Note that FDB is not a quorum-based system. The “a majority of nodes is required” logic only applies to coordinators, which do form a quorum-based system. Otherwise, the number of processes involved in holding a shard of data is explicitly set as part of the configuration, as the table attempted to describe.
I think a 2-region triple
configuration will give you the highest effective fault tolerance right now. If all copies are lost in one region, data distribution in multi-region understands how to copy it back across. You’d be able to theoretically lose 5 machines and FDB would still be able to recover, as long as you run 11 coordinators.
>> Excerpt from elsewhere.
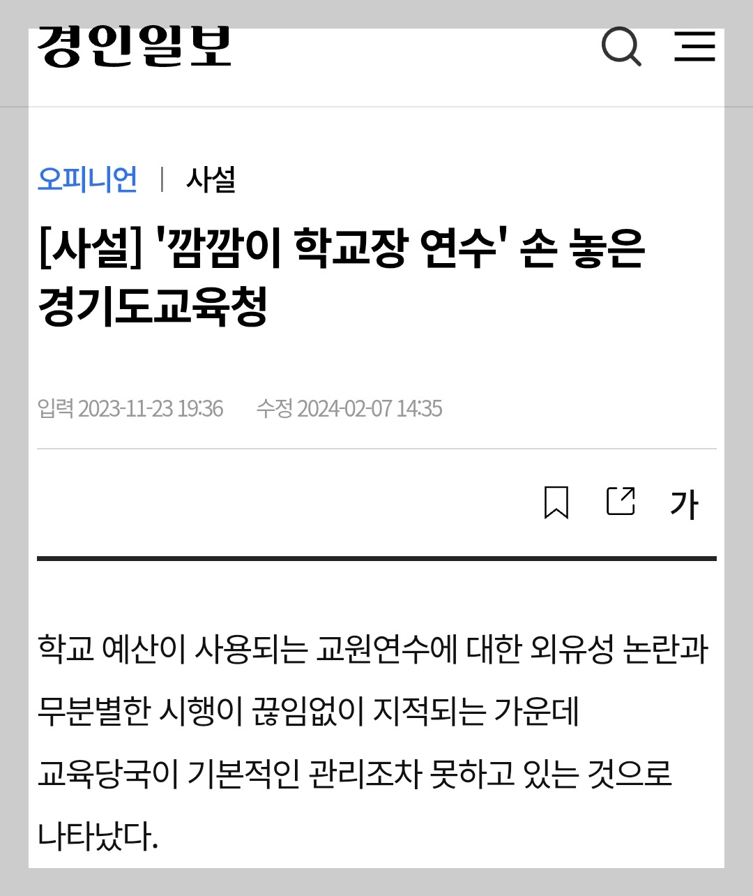 외유성 연수로 대표되는 교육청의 '눈먼 돈'은 한두 가지가 아니며, 교원들의 기본급인 호봉체계 또한 비상식적이다.

I recall the status message wording being a bit weird with multi-region currently, so I think it will still show 2
, but will eventually tell you but (N) without data loss
if you start killing enough things.
I’ve typically seen people plan for 1 planned and 1 unplanned outage, so triple replication and a fault tolerance of 2 has generally been fine for most folk. Any reason you’re extra concerned about copies of your data suddenly going missing or corrupt?
Also just in case it isn’t clear, fault tolerance here refers to the number of faults you can safely tolerate without losing data or availability. So in triple
mode, you can safely tolerate two failures because there are 3 total replicas of each key in the database (temporarily ignoring other aspects of fault tolerance, such as coordinator count). Three failures could potentially cause you to lose all replicas of some of your data, so you don’t have a fault tolerance of 3.